In the study, researchers conducted a meta-analysis of all 47 clinical trials, published and unpublished, submitted to the Food and Drug Administration in the US, made in support of licensing applications for six of the best known antidepressant drugs, including Prozac, Seroxat – which is made by GlaxoSmithKline – and Efexor made by Wyeth. The results showed the drugs were effective only in a very small group of the most extremely depressed.

Two drugs were excluded from the study because of incomplete data. A third drug, chemical name nafazodone, has been withdrawn from the market because of side-effects.

Professor Irving Kirsch of the University of Hull, who led the study published in the online journal Public Library of Science (PLoS) Medicine , said the data submitted to the FDA would also have been submitted to the licensing authorities in Britain and Europe.
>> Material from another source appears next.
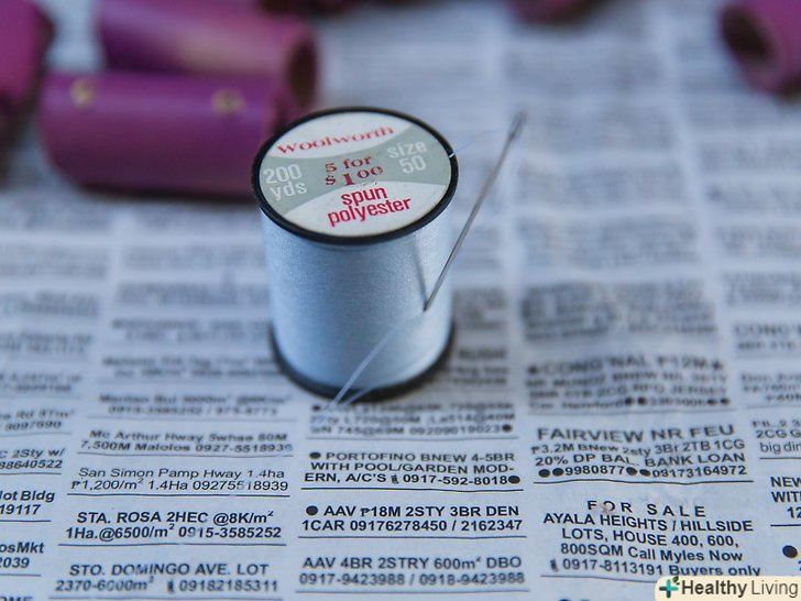 Відріжте кілька шматків ниток довжиною по 12 сантиметрів кожен.[9] буде потрібно достатня кількість ниток, щоб зв'язати всі деталі змійки між собою.

It showed the drugs produced a "very small" improvement compared with placebo of two points on the 51-point Hamilton depression scale.

That was sufficient to grant the drugs a licence but did not meet the minimum three-point difference required by the National Institute for Clinical Excellence (Nice) to establish "clinical" significance. Yet Nice approved the drugs for use on the NHS in the UK because it only had access to the published trials, which showed a larger effect.

Professor Kirsch said: "Given these results, there seems to be little reason to prescribe antidepressant medication to any but the most severely depressed patients, unless alternative treatments have failed to provide a benefit. This study raises serious issues that need to be addressed surrounding drug licensing and how drug trial data is reported."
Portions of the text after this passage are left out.